July 6, 2020

Tip of the Week
Side-to-Side Training for Improvement and Health.

Subconscious Table Tennis
I noticed an interesting during a session with Navin Kumar on Saturday. (If you Google "Bionic Table Tennis," about a zillion articles on him comes up.) We were about to do a drill where he has to smash (forehands and then backhands) and hit a bottle on the table. The key, as I always point out, is to not consciously aim for it. That's the common mistake most make. Whether it's in a game or practice, the minute the conscious mind takes control, much of your training disappears, since the whole point of training is to make it reflexive, so you are really training your subconscious.

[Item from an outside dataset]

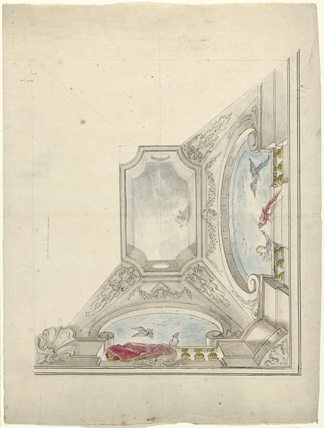 Dionys van Nijmegen created this design for a ceiling painting with pen in gray, brush in gray and watercolor. At first glance, the eye is drawn to the composition's complex geometry. An octagonal dome is delineated by lines that converge, creating a sense of depth. Note how the artist manipulates linear perspective to evoke a feeling of looking up into a grand architectural space. The soft watercolor washes create subtle gradations of light and shadow, enhancing the illusion of three-dimensionality. Within this framework, van Nijmegen employs ornamental details such as cherubic figures and rococo flourishes. These decorative elements add complexity but also serve a structural purpose. The cherubs placed near the corners mediate between the architectural framework and the ethereal sky painted within the dome's panels. Consider how the artist uses line and form to suggest a transition from the tangible world to an idealized, heavenly realm. This interplay between form and content invites ongoing interpretations, reflecting how art engages with our perceptions of space, beauty, and the sublime.
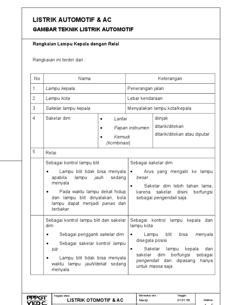 Gambar skema rangkaian lampu kepala beserta komponennya

When I demonstrated this, I put the bottle on the far side, bounced a ball on my side, and smacked the bottle with a barrage of forehands, almost never missing. (When it misses, it's by less than an inch.)  I moved the bottle around to show that you can change your target and still have great accuracy. And that's when I noticed something.

When aiming for the bottle, all my conscious mind has to do is look at the target and decide I want to hit it. The subconscious does the rest. But the part that was fascinating, and which I hadn't really focused on before, was how my subconscious would adjust my foot positioning each time. I wasn't consciously aware of it, but each time I went over and moved the bottle to another part of the table, I'd come back, and when I'd look at it, my feet reflexively moved into position to line me up for the shot.

Of course, once I thought about it, it mostly fell apart. The conscious mind can somewhat closely match what the subconscious mind is trained to do, but only somewhat so. And so when I thought about where my feet should be and then tried hitting the target, I could always tell that I wasn't perfectly set, and I'd have to adjust a little with my upper body for this, and suddenly the accuracy wasn't there - the balls sprayed about the area where the bottle was, sometimes hitting, but with nowhere near the precision when I don't think about it. (It's even worse if you think about or try to consciously control your stroke!) Once I blanked my mind out again and let reflexes take over, everything fell back into place, and I smacked the poor bottle ten times in a row.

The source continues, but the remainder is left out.